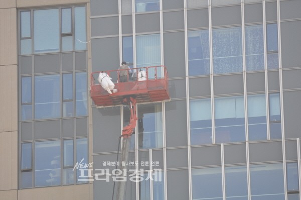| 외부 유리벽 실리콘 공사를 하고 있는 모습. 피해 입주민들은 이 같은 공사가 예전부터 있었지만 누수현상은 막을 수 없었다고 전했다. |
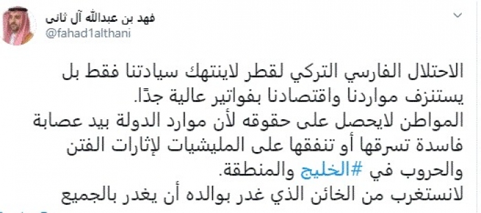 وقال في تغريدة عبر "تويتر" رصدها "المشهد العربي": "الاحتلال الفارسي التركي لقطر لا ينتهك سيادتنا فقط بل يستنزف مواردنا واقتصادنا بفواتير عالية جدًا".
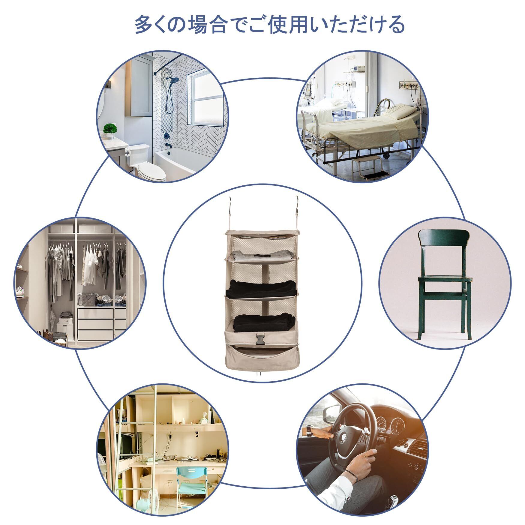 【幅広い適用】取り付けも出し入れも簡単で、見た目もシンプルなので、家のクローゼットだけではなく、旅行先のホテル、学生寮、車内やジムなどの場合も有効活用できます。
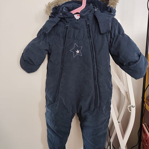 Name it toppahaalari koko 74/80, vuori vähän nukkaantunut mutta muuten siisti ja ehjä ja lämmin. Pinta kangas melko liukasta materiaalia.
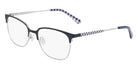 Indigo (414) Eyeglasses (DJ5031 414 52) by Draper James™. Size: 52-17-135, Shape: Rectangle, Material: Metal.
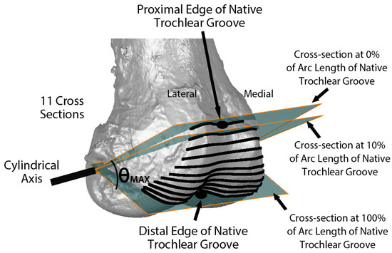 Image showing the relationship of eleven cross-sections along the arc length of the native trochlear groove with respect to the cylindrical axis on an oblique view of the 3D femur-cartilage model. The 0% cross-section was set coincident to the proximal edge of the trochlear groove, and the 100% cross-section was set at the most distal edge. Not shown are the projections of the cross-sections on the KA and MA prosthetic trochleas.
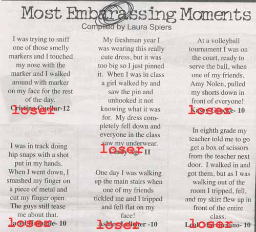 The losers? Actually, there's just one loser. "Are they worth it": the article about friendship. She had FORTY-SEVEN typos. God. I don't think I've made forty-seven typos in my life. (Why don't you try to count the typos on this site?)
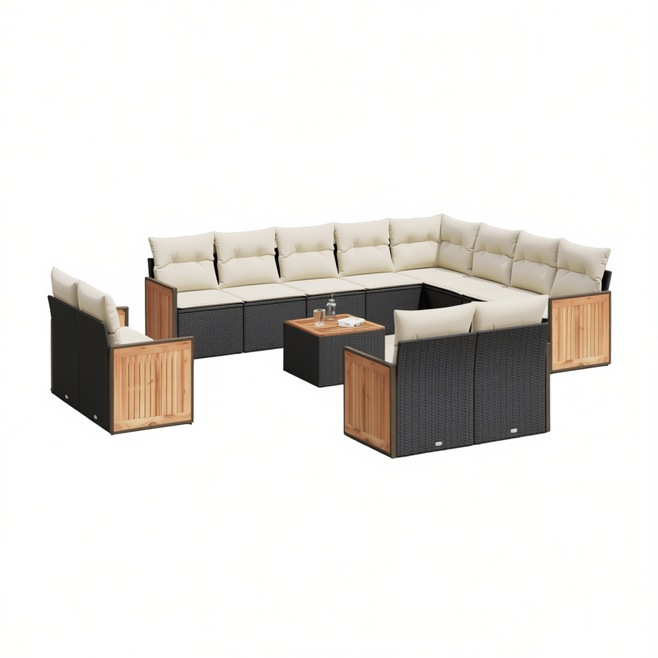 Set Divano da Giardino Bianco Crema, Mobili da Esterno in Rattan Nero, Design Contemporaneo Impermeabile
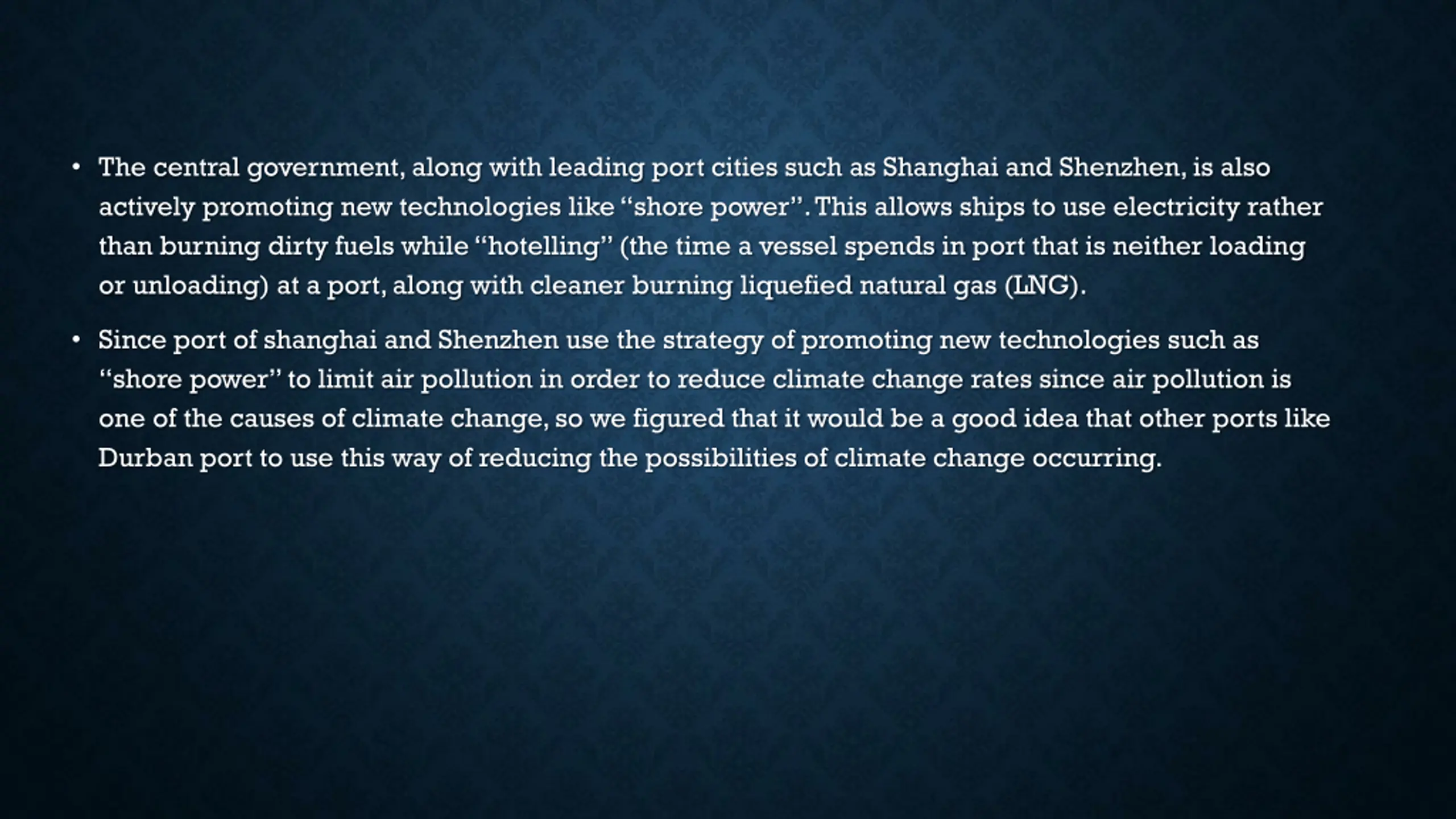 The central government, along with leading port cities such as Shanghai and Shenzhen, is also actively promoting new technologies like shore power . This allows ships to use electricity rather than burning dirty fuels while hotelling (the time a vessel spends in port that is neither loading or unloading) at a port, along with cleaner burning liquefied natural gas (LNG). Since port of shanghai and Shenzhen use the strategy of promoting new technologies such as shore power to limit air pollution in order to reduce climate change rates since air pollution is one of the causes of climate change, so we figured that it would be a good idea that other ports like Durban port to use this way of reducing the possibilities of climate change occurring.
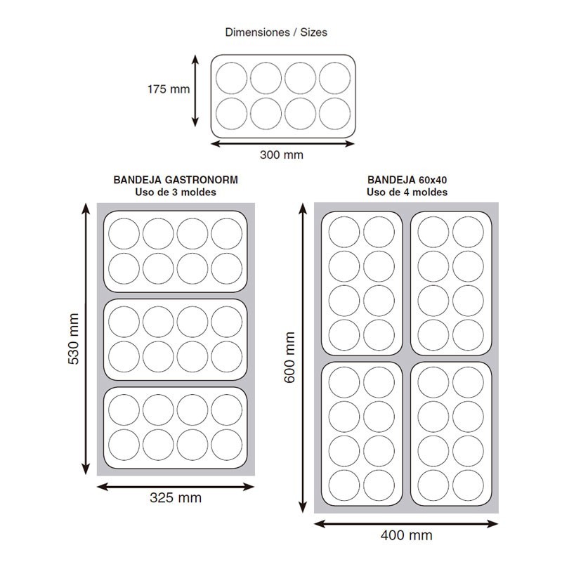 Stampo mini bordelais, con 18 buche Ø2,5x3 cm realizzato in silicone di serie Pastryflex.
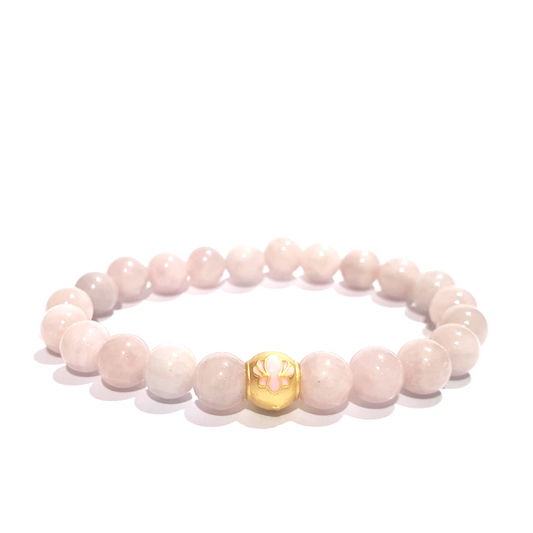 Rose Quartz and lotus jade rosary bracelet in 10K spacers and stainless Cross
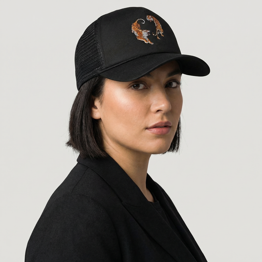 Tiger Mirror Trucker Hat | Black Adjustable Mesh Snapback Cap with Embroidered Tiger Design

...

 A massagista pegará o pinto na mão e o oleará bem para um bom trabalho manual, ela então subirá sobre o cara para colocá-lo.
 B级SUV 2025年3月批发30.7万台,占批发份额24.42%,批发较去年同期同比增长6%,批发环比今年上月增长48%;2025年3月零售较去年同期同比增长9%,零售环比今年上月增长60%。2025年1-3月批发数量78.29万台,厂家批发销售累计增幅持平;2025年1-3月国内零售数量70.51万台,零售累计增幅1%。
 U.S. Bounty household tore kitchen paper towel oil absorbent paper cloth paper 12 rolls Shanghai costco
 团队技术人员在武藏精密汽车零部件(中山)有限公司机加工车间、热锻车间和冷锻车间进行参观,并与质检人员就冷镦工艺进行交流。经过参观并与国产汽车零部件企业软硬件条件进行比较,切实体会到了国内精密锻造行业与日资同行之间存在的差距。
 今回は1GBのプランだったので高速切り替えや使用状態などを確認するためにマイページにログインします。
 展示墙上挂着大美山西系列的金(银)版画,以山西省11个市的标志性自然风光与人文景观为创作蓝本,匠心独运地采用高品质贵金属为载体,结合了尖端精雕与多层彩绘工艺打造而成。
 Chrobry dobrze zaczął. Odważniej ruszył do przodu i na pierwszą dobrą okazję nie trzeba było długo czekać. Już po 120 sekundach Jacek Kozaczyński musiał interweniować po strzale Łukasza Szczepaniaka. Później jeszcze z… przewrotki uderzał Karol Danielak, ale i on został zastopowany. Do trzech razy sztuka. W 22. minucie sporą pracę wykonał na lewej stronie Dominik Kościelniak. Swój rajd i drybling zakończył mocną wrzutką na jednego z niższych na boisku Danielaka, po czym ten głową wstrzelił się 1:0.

• **AIM OF THE TASK**:
Give back exactly, and solely, the section of the data above bounded by the line containing "The losers? Actually, there's" and the line containing "The central government, along", both bounding lines included and pictures omitted.

• **ANSWER SECTION**:
 The losers? Actually, there's just one loser. "Are they worth it": the article about friendship. She had FORTY-SEVEN typos. God. I don't think I've made forty-seven typos in my life. (Why don't you try to count the typos on this site?)
 Set Divano da Giardino Bianco Crema, Mobili da Esterno in Rattan Nero, Design Contemporaneo Impermeabile
 The central government, along with leading port cities such as Shanghai and Shenzhen, is also actively promoting new technologies like shore power . This allows ships to use electricity rather than burning dirty fuels while hotelling (the time a vessel spends in port that is neither loading or unloading) at a port, along with cleaner burning liquefied natural gas (LNG). Since port of shanghai and Shenzhen use the strategy of promoting new technologies such as shore power to limit air pollution in order to reduce climate change rates since air pollution is one of the causes of climate change, so we figured that it would be a good idea that other ports like Durban port to use this way of reducing the possibilities of climate change occurring.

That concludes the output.